Bring life-saving treatment to the homes of children
More than 6.3 million children under the age of five died in 2013. One third of these deaths were caused by pneumonia, diarrhea and malaria—diseases for which effective, evidence-based and low-cost treatments are available. Since 2004, the IRC has used a community approach to bring life-saving treatment directly to children in the most underserved areas. To date, more than 16,000 community health workers supported by the IRC have provided more than 5 million treatments for pneumonia, diarrhea and malaria, preventing an estimated 20,000 child deaths.
The IRC has introduced integrated community case management in 10 countries. In Sierra Leone, an impact evaluation found that this program reduced all-cause child mortality by 25% in the area where it was implemented. In Rwanda, where the approach has been scaled up nationally, an outside scientific review determined that the program played a substantial part in the country’s dramatic decline in child mortality.

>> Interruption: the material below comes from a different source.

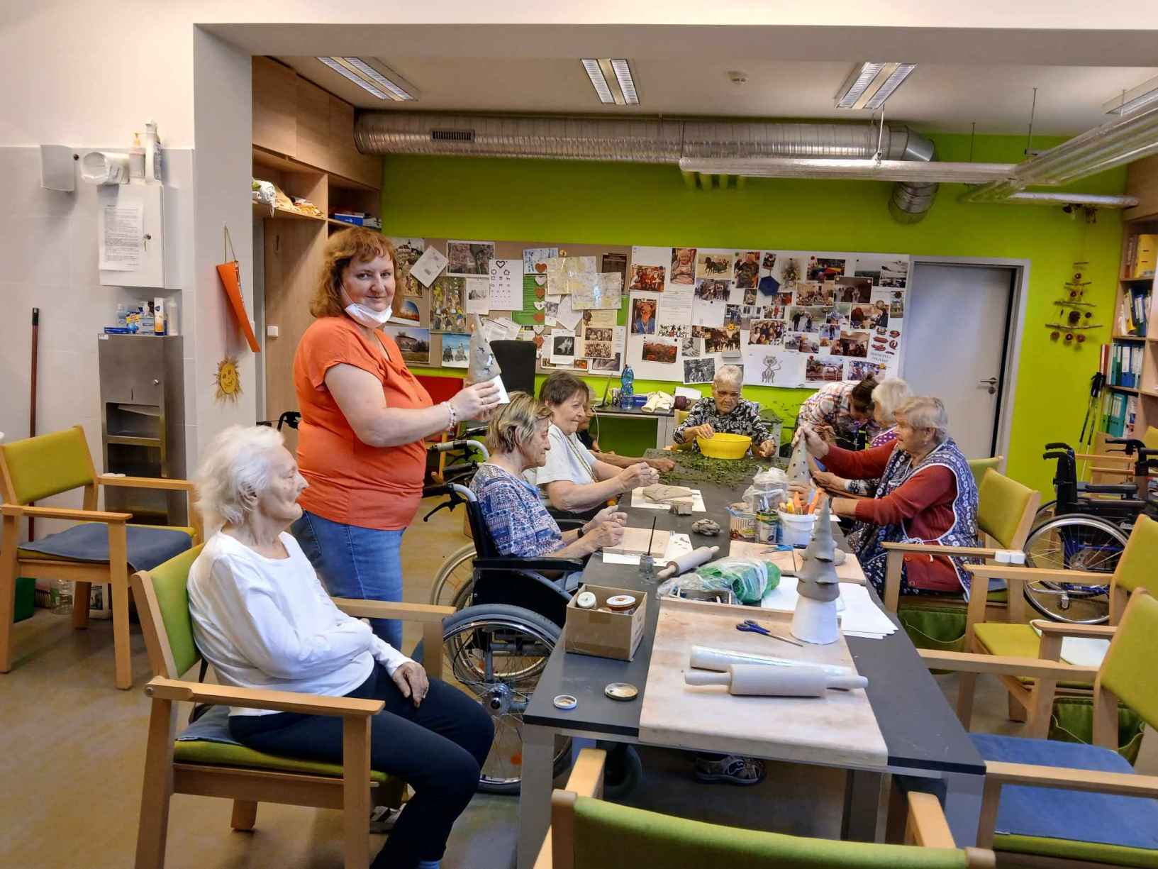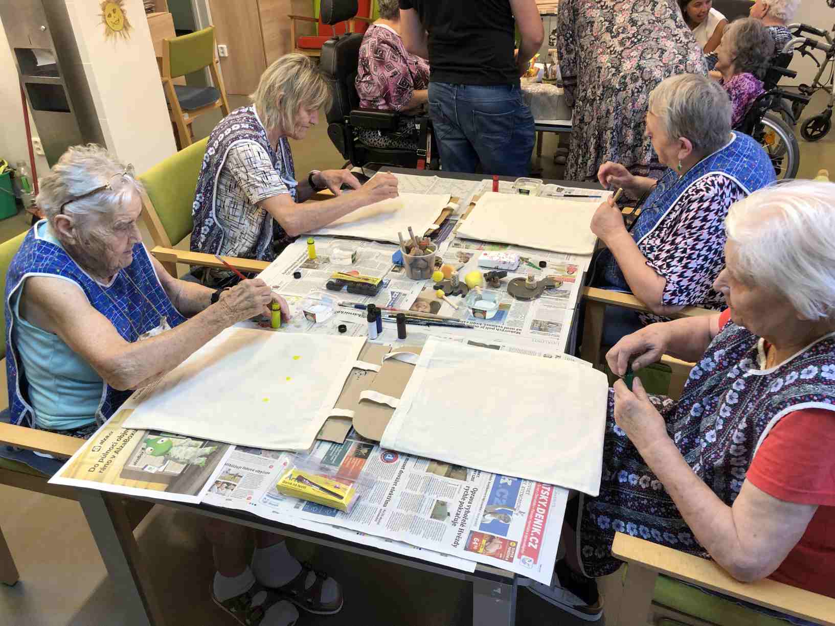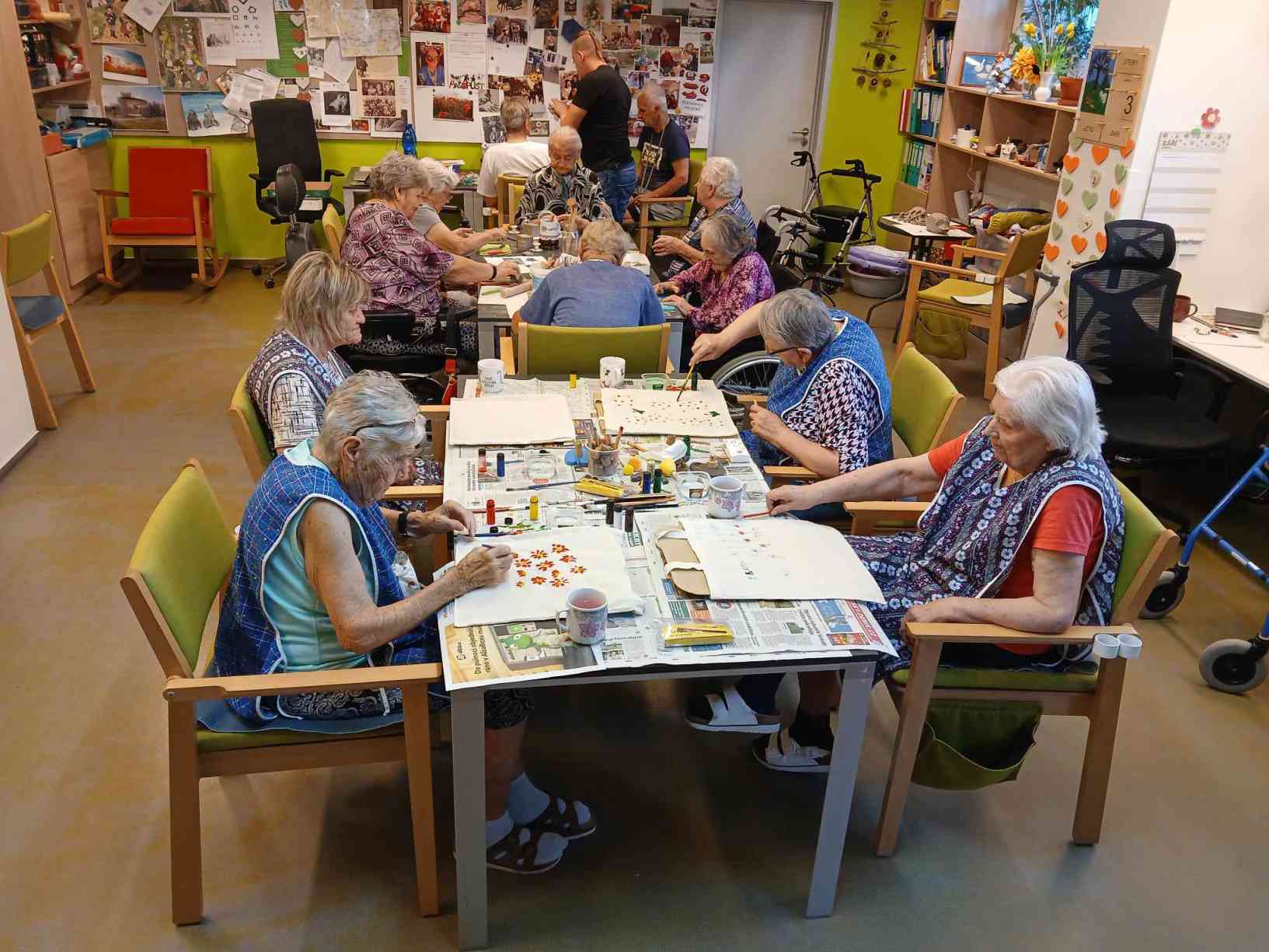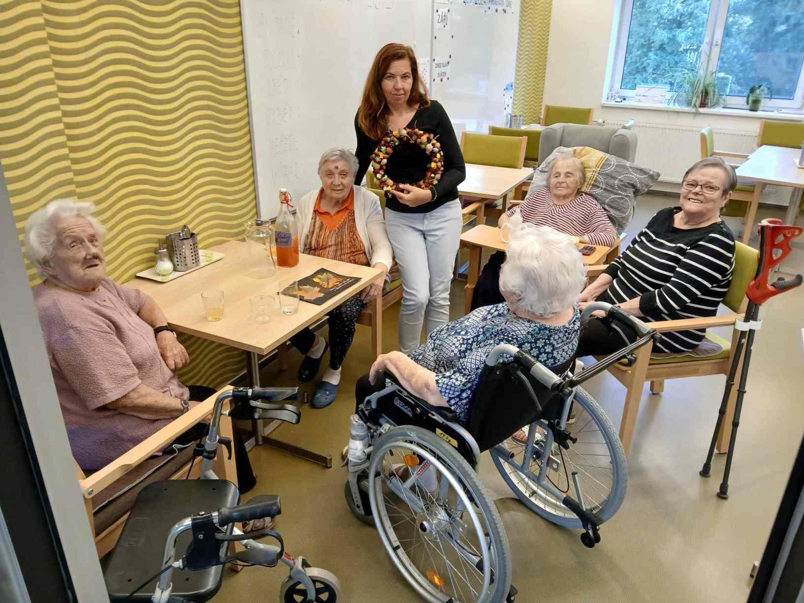 Léto se pomalu přehouplo do podzimu a tak venkovních aktivit začne pomalu ubývat. Sluníčko stále ještě hřálo a tak slunné dny jsme se snažili trávit v altánu a na zahradě. Zabalili jsme usušené bylinky, věnovali jsme se keramice i zdobení látkových tašek. Společně jsme trávili čas předčítáním, posezením s hudbou a tréninkem paměti. Zacvičili jsme si s naší fyzioterapeutkou, navštívili nás zvířecí kamarádi a využili jsme našich kadeřnických služeb. Navštívila nás paní učitelka z Dětského centra v Polipsech, aby nám předala výrobky, které děti pro nás připravily. A ještě jsme si stačili udělat výlet na farmu do Netušila.

Fight malnutrition, from the ground to the globe
The IRC works to prevent and treat malnutrition and improve access to treatment for children in the hardest-to-reach areas. We provide services that target more than 1 million children across 13 countries for the treatment of malnutrition.
We are also leading a research consortium, involving other non-profit organizations and some of the most respected nutrition scientists, to conduct a randomized trial to evaluate a new protocol for treating malnutrition. The new protocol, which was developed by the IRC, is based on a fundamentally overhauled understanding of malnutrition. It also builds on the IRC’s extensive community health work, increasing access and demand for services by making services cheaper, simpler and closer to the people who need them.
Address mental health and psychosocial needs
Mental health and psychosocial support are integral to emergency and recovery response, which was strikingly demonstrated by the Ebola epidemic in West Africa. Communities confronted fear, death and painful changes to deeply rooted practices, such as burials. When Ebola Treatment Units did not address community fears, individuals refrained from seeking care. The IRC responded by designing interventions according to the social and cultural processes of affected communities and facilitating community-led psychological first aid, support groups and counseling. These efforts supported neighborhoods surrounding Ebola treatment centers, as well as clients and staff of health facilities. The IRC is also working to ensure that IRC staff, as well as other actors on the ground, are trained
in providing psychological first aid, so that our services in health, education and other sectors contribute to mental healing.